Thread: Need regexp help

  1. #31
    and the Hat of Guessing tabstop's Avatar
    Join Date
    Nov 2007
    Posts
    14,336
    Quote Originally Posted by MK27 View Post
    okay, okay, "linein" is probably the first function I ever wrote. Or close to it. And the "Teach Yourself C in 21 Days" I got from the library (1990) doesn't mention fgets, but it does warn against the use of "gets".
    I've never read the book, so that's entirely possible.

    Quote Originally Posted by Mk27 View Post
    Excuses aside, however, I will defend myself by noting that with fgets "You must supply count characters worth of space in [the char pointer]" (GNU documentation). So linein seems more versatile to me -- ie. without testing it looks like you have to do your own malloc using fgets.

    So long live linein. Or else I'm still wrong.
    There are two advantages to fgets in this situation (from my perspective): 1. Since I am managing my own memory, I know exactly where everything is. I know when my memory is created, and when I need to free it. I can't do a memory leak every time through a for-loop, as in the example above with a memory leak when reading every single line of a file, without making it tremendously obvious that malloc is being called 10000000 times and free once. I get to see the matching malloc/free calls, rather than malloc being literally three-times-removed from my code. I know that I have a temporary buffer that I have to strcpy with, but I can then reuse immediately for the next line. (I realize that programming has Moved On from any of this sort of thing with memory management, gc, etc. Fortunately I have a second point.) 2. Using fgets (or whichever other standard function you choose to use) means that any computer programmer off the street -- such as, I don't know, someone who's having trouble with a regex, for instance -- knows how it works, what's necessary to use it, and exactly what it does and does not do. No surprises like "oh and it calls malloc for you too".

    Edit: The advantage of getline is what I alluded to at the end of point one -- since each call gets its own slice of memory, you can just store pointers in an array or whatever you want -- no strcpying! Unfortunately, that isn't what we ended up doing.
    Last edited by tabstop; 09-05-2008 at 09:59 PM.

  2. #32
    spurious conceit MK27's Avatar
    Join Date
    Jul 2008
    Location
    segmentation fault
    Posts
    8,300

    Talking 32

    Obviously, I'm not trying to convince the world that linein is really the future, esp. since it relies on getline which is GNU specific I think.
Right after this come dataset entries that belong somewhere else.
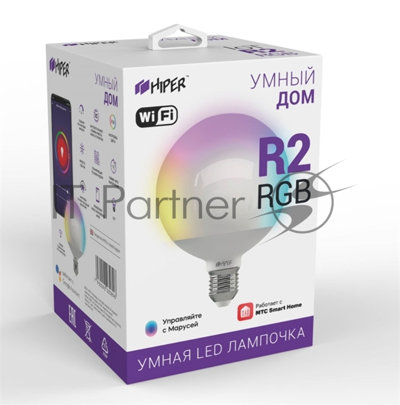 Умная LED лампочка HIPER Smart LED bulb IoT LED R2 RGB//Wi-Fi/Е27/Globe G125/Регулируемая яркость и цвет/14Вт/2700К-6500К/1200 лм/IoT LED R2 RGB
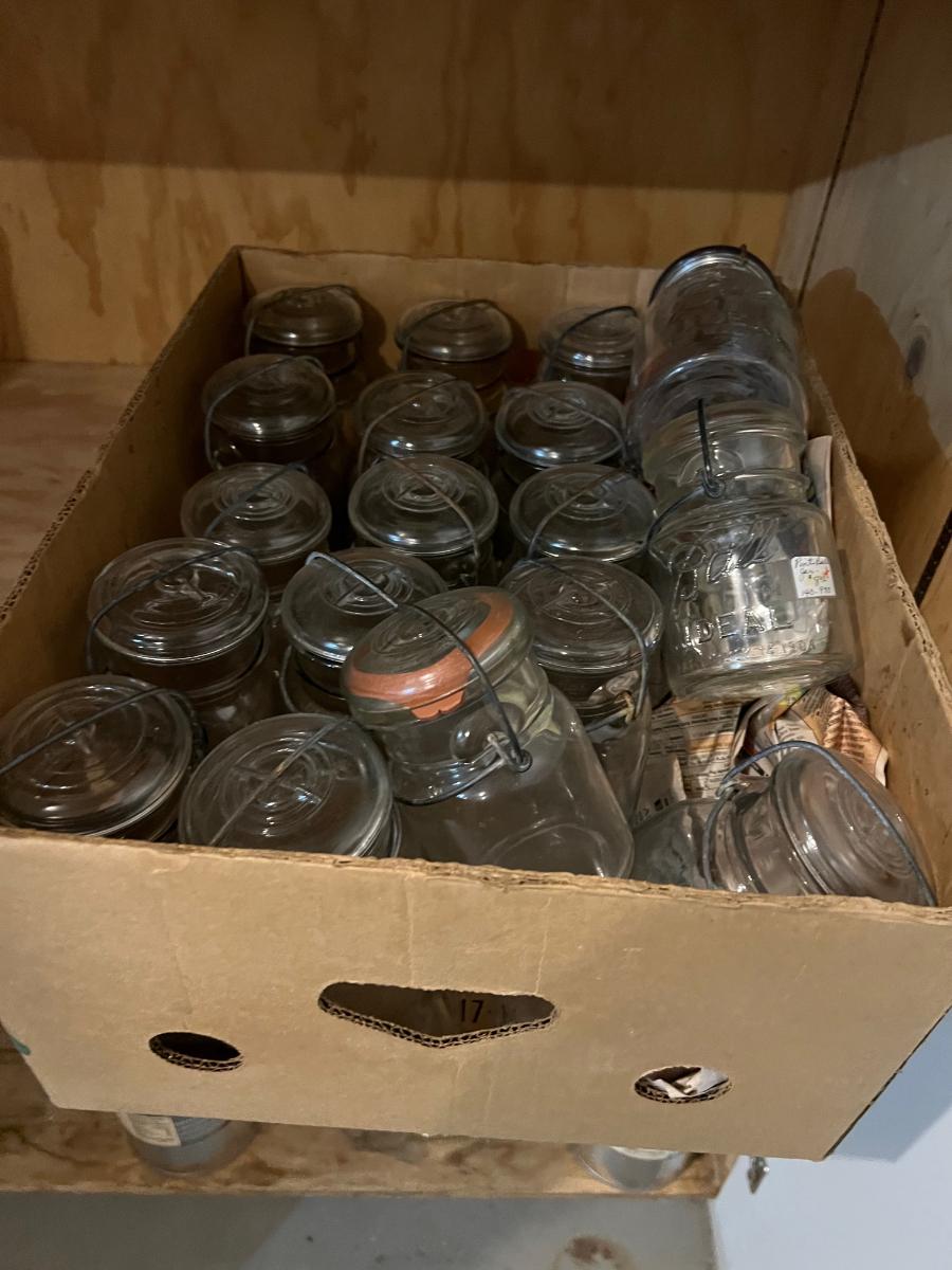 Garage: 18 ANTIQUE Mason Jars with GLASS LIDS
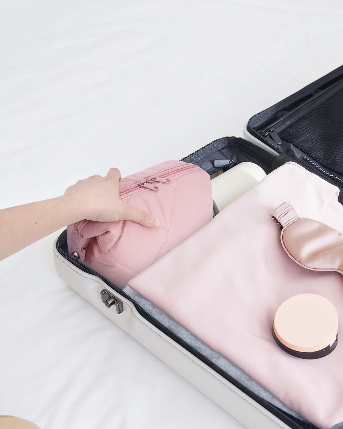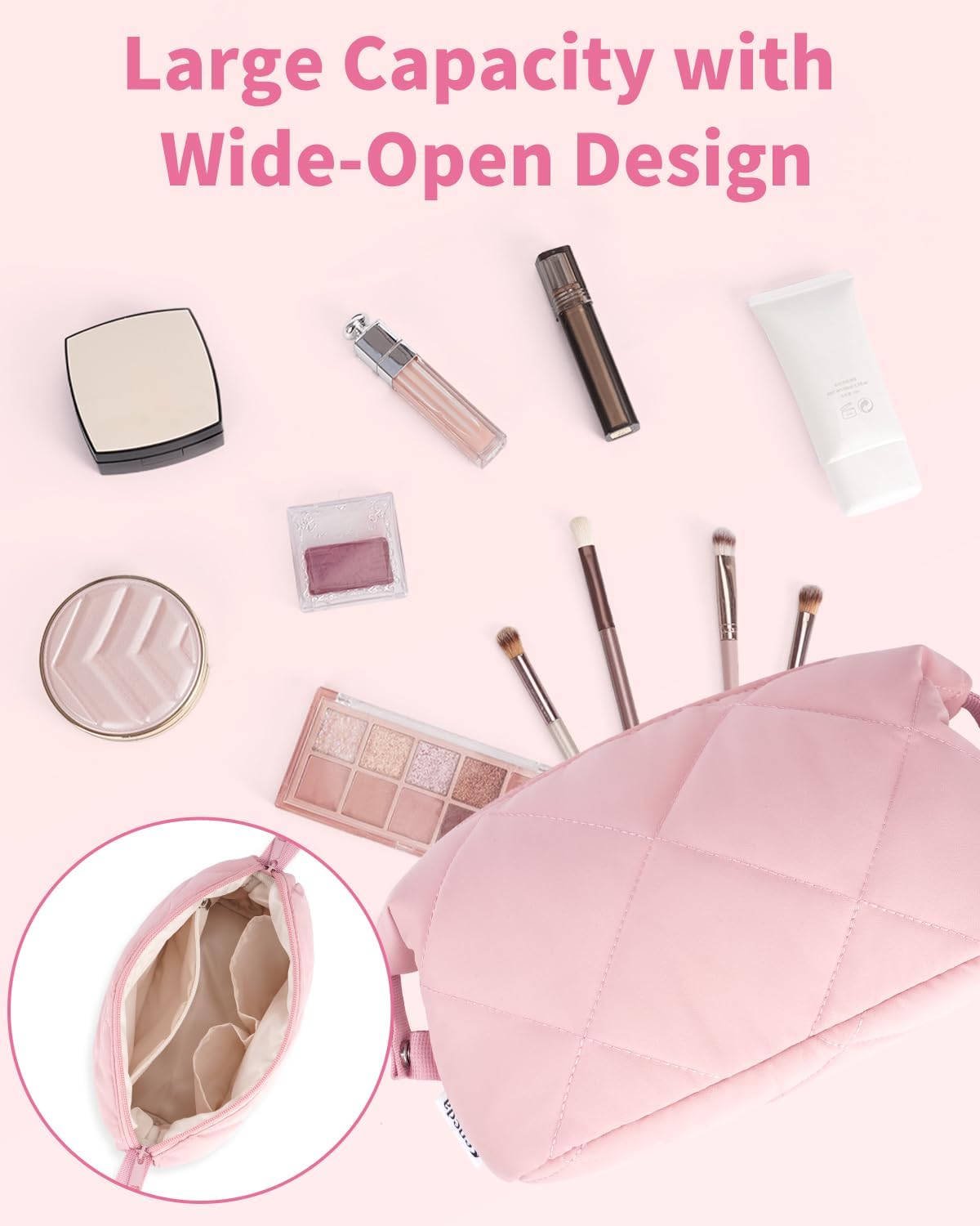 Wide-Open Design: The wide-opening design of this makeup pouch ensures easy access to all your beauty essentials. No more rummaging through small cosmetic pouches—this women’s toiletry bag lets you effortlessly locate items like lipstick or eyeshadow in no time. (Patent pending)

    Still, just because you didn't call malloc yourself doesn't mean you can't call free if you know malloc is being called -- which is why in post #21 I corrected myself by adding a "free" call in linefile. Which only needs to be called once anyway, since even if the while loop does iterate 1000000 times, it just reassigns to the same local variable (line).

    As for our friend needing regexp help, I think he got it...
    C programming resources:
    GNU C Function and Macro Index -- glibc reference manual
    The C Book -- nice online learner guide
    Current ISO draft standard
    CCAN -- new CPAN like open source library repository
    3 (different) GNU debugger tutorials: #1 -- #2 -- #3
    cpwiki -- our wiki on sourceforge

  3. #33
    and the Hat of Guessing tabstop's Avatar
    Join Date
    Nov 2007
    Posts
    14,336
    Quote Originally Posted by MK27;784975
    Still, just because you didn't call malloc yourself doesn't mean you can't call [B
    free[/B] if you know malloc is being called -- which is why in post #21 I corrected myself by adding a "free" call in linefile. Which only needs to be called once anyway, since even if the while loop does iterate 1000000 times, it just reassigns to the same local variable (line).
    Eh, you only have to type it once, but it needs to be inside the loop (if getline happens 1000000 times, free needs to happen 1000000 times, or else you've leaked the first 999999 of them).

  4. #34
    spurious conceit MK27's Avatar
    Join Date
    Jul 2008
    Location
    segmentation fault
    Posts
    8,300
    Quote Originally Posted by tabstop View Post
    Eh, you only have to type it once, but it needs to be inside the loop (if getline happens 1000000 times, free needs to happen 1000000 times, or else you've leaked the first 999999 of them).
    Well. This is probably due to my misunderstanding of this (boldface) statement in The GNU C Library Reference Manual:

    Do not expect to find any data (such as a pointer to the next block in a chain of blocks) in the block after freeing it.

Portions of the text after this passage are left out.